Dal numero 3 de “Il Biancoverde” del 6/09/2013
«Da ragazzo ho giocato a calcio. Oggi la mia passione la esercito davanti alla tv, guardando, quando posso, qualche incontro di calcio. Di sport ne pratico davvero poco».
Giuseppe De Mita non smentisce l’immaginario collettivo, i politici, complice l’attività istituzionale che ricoprono, preferiscono seguire lo sport dal divano di casa e sono rari i momenti in cui possono ritagliarsi un po’ di tempo libero per la tradizionale partita a calcetto con gli amici. Ma l’ex vicepresidente della Regione ha piena consapevolezza dell’importanza che riveste lo sport per una realtà come la nostra e per questo, nella speranza di poter partecipare il più possibile ai prossimi campionati agonistici, augura all’A.S. Avellino e la Sidigas Scandone, di vivere una stagione da protagoniste.
On. De Mita, la riconquista della serie B nel calcio ha riacceso in molti la speranza di correre per la serie A, fa parte anche lei di questo gruppo di tifosi?
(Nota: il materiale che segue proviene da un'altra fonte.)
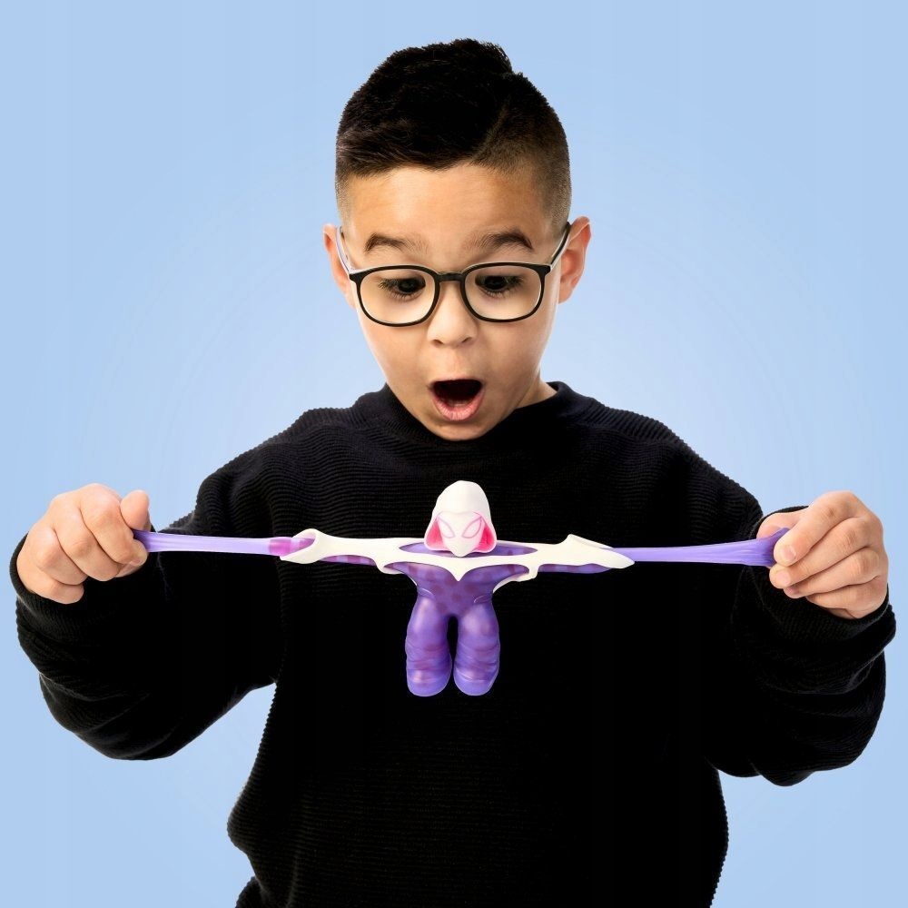 Фигурка Паука-призрака из серии Hero Pack имеет уникальную начинку из водных шариков Goo и очень губчатую. Вы можете растянуть тело героини до трех раз, и оно всегда вернется к исходной форме и размеру.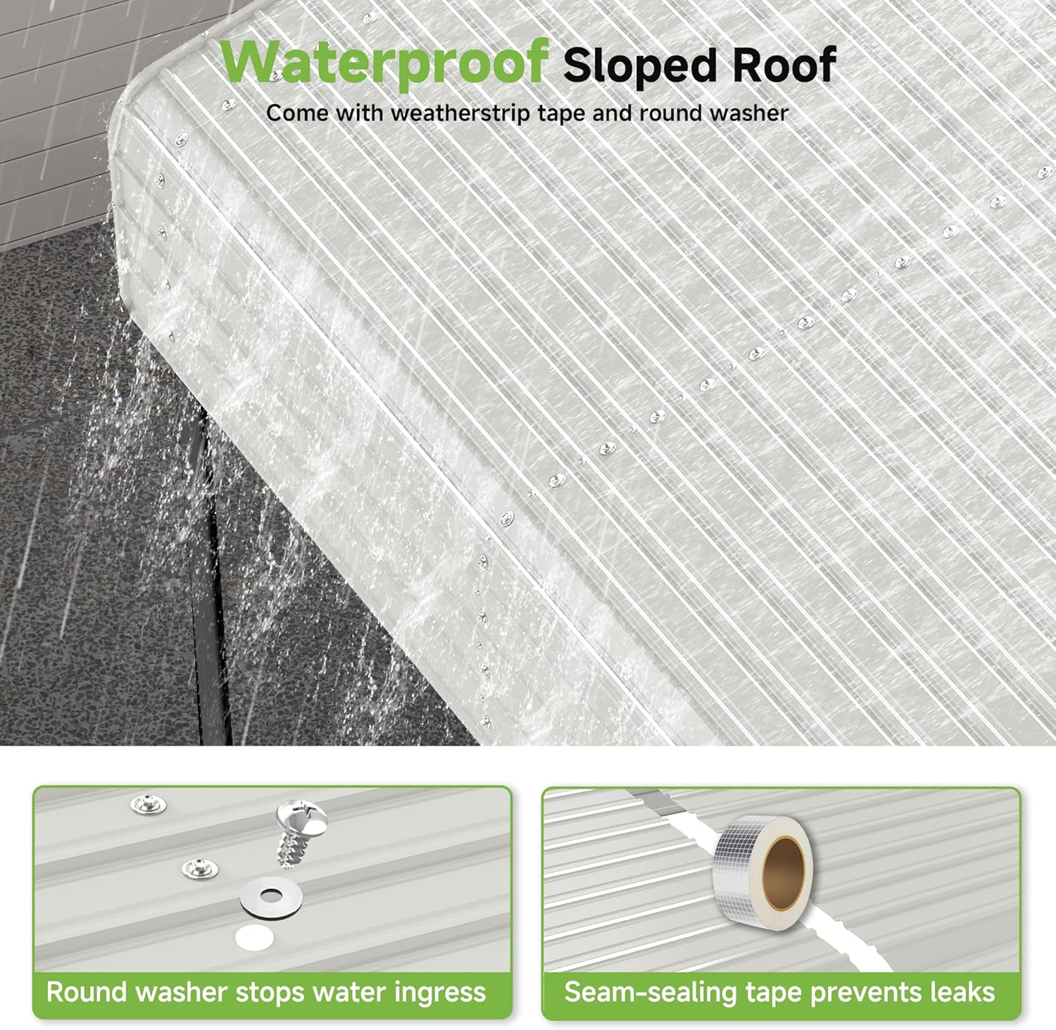 - Galvanized Steel Roof: The roof is made of galvanized steel with UV-resistant properties, helping to protect your vehicles and equipment from sun damage, while keeping the interior cooler during hot summer months.

«L’auspicio è comune, quello di poter vedere di nuovo l’Avellino nella massima serie. Poter accarezzare nuovamente quel sogno costituirebbe senza dubbio una iniezione di fiducia per tutta la nostra comunità, ma l’obiettivo della serie A deve essere centrato in tempi rapidi. Il risultato al quale tendere e che darebbe, a mio avviso, garanzia di successo è quello della programmazione che eviterebbe l’altalena di stagioni esaltanti e momenti di crisi come pure ci sono stati in questi ultimi anni».
Lo Sport soprattutto quando arriva a importanti livelli può essere una grande risorsa per il territorio, un biglietto da visita in grado di attrarre turisti provenienti da ogni angolo del paese, bisogna però costruire un progetto. Lei che ha ricoperto il ruolo di Assessore al Turismo che ne pensa?
«Senza dubbio avere una squadra di calcio che gioca ai massimi livelli rappresenta un tassello significativo anche dal punto di vista economico, per l’indotto che crea. Ospitare i grandi club del calcio italiano significherebbe avere un ritorno in termini di immagine, tornare a far parlare della città nel circuito dei media nazionali e, quindi, poter contare anche sull’innesco di meccanismi che abbiano un rilievo economico. Nella mia esperienza da assessore regionale ho compreso come l’Irpinia abbia le carte in regola per uno sviluppo turistico, ma, al di là degli investimenti materiali che pure sono necessari, è importante riuscire a costruire un immaginario legato all’Irpinia e il calcio può essere un tassello importante in questo senso».
Accanto a ciò, però, bisogna investire in un sistema infrastrutturale che ad oggi va migliorato e qualificato. Qualche suo collega ha proposto di creare una rete sinergica tra pubblico e privato per promuovere una politica dell’accoglienza legata al turismo sportivo, è d’accordo?
«L’infrastrutturazione di un territorio rappresenta uno strumento importante, ma solo se funzionale al disegno di sviluppo che ci si è posti come obiettivo. In ogni ambito, anche in quello turistico, la collaborazione tra pubblico e privato può essere il metodo che garantisca efficacia e porti a risultati significativi in termini di produttività. In Irpinia esistono numerose strutture che sono state riqualificate a fini turistici, ma che non sono mai entrate in una logica sistemica e produttiva proprio perché di proprietà pubblica. Creare le condizioni perché i privati possano investire e fare impresa rappresenta perciò, oggi, un obiettivo a cui chi amministra deve per forza di cose guardare».
Ha fatto discutere l’ordinanza “Stadio Sicuro” per combattere la violenza negli stadi, qualcuno l’ha giudicata una legge proibizionista. Crede che vada rivista?
«Lo sport deve fornire momenti di divertimento ed essere un’attività che amplifica il sano agonismo, la passione per i propri colori, l’entusiasmo dello stare insieme. Ogni provvedimento, quindi, che possa rafforzare la sicurezza di chi è fruitore di eventi sportivi credo che vada accolto con favore. Lo sport deve contribuire alla realizzazione di un progetto di vita e non essere considerato solo come evasione. In questo senso guardo con favore ad esperienze come quella che sta portando avanti Mario Dell’Anno, un progetto che coniuga passione per lo sport, attaccamento alle radici e partecipazione sociale e dove diventa possibile lavorare alla realizzazione di sé anche grazie e attraverso lo sport».